(Bloomberg) -- Amid an OPEC deal that spurred a furious rally in oil prices on Thursday, investors flooded into an exchange traded fund that offered them exposure to U.S.-listed production and exploration firms.
Front-month West Texas Intermediate futures contracts soared 13 percent since Tuesday as member nations of OPEC agreed to their first production cut in eight years, with Russia also pledging to reduce output.
XOP, the SPDR S&P Oil and Gas Exploration and Production ETF, saw record inflows exceeding $1 billion on Thursday, more than double its previous high.

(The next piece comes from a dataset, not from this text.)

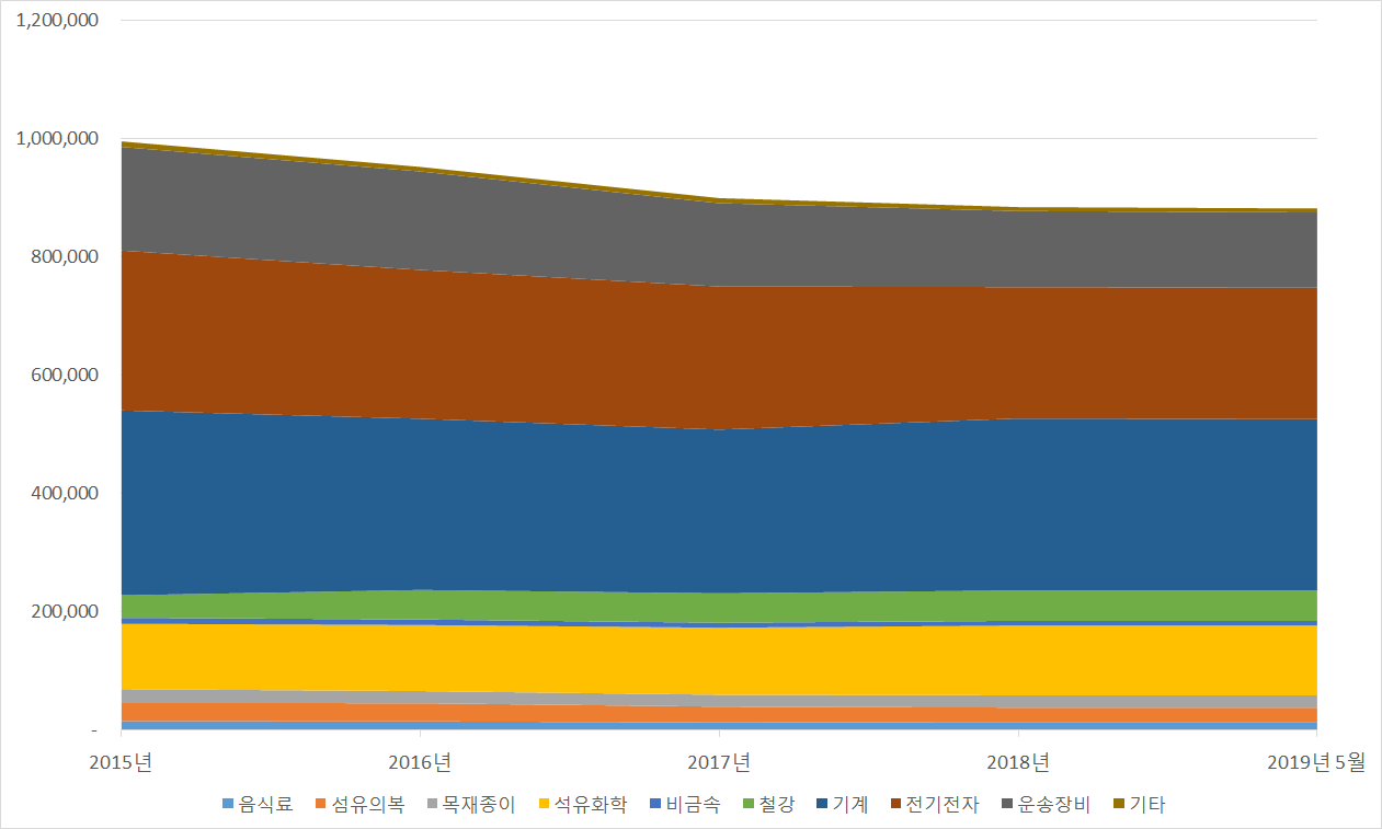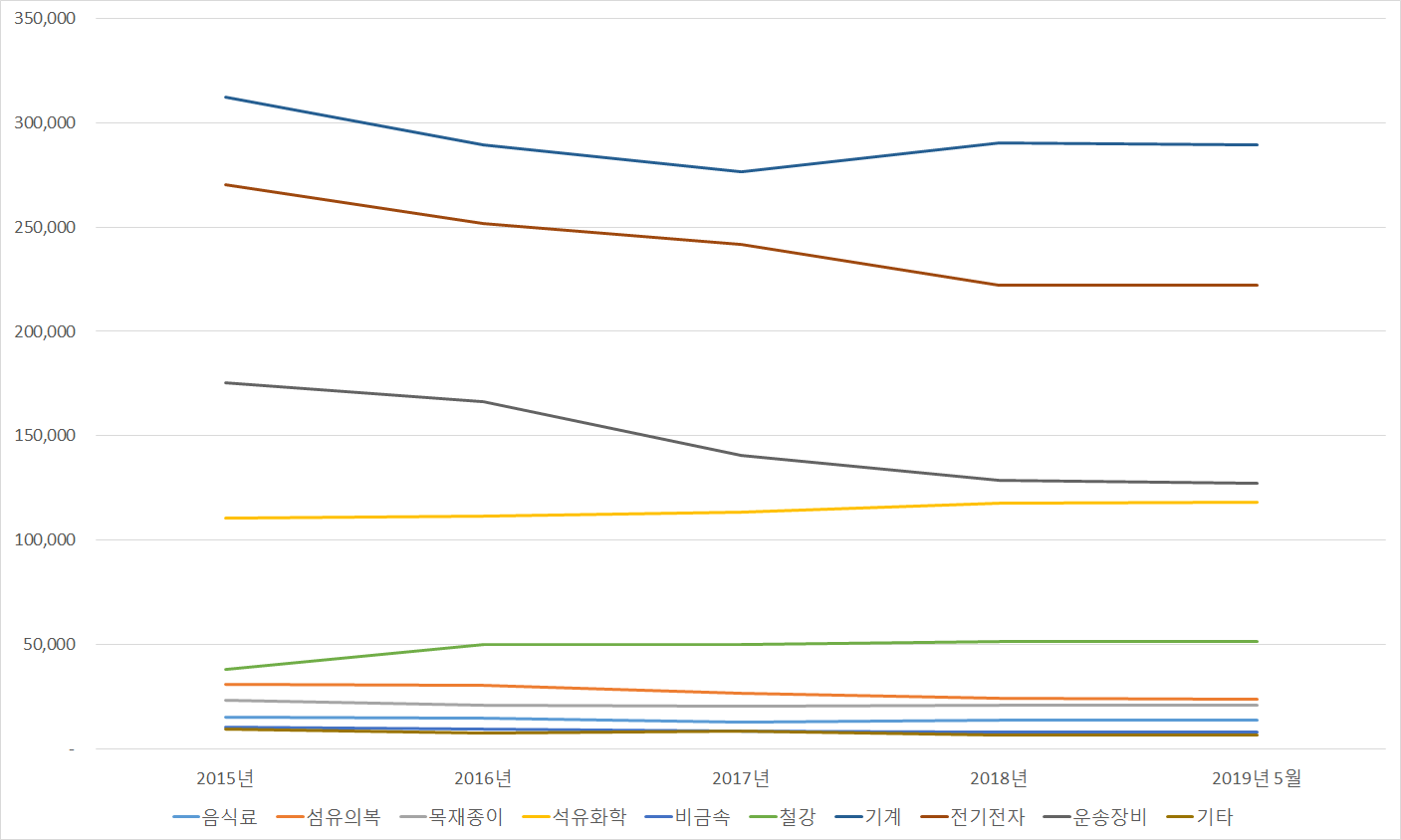 2018년 9월부터 2019년 5월까지 월간 생산실적 그래프이다. 업종별로 보면 석유화학이 가장 큰 비중을 차지하며 생산실적은 하락하는 추세이다. 석유화학과 더불어 기계의 하락폭이 크고, 운송장비는 연초 하락했다가 다시 증가하는 추세이다.

That's roughly a thousand times its average daily inflow, which made it tops among equity ETFs for the session. The enthusiasm for this product marks a stark about-face on the part of investors; for the five sessions ending Tuesday, XOP saw its heaviest weekly withdrawals of 2016.
"XOP has proven to be the best ETF to play an extended oil rebound both this year and back in 2009," said Eric Balchunas, ETF analyst at Bloomberg Intelligence. "It holds stocks so it doesn't have any of the roll costs that cripple USO, but at the same time its small-cap exposure gives it more pop than XLE."
This ETF, which is concentrated in upstream firms and therefore trades more in-line with crude oil than similar products that include more integrated oil giants, is up nearly 40 percent year-to-date. Its recent gains have substantially extended its outperformance relative to the S&P 500 index for the year.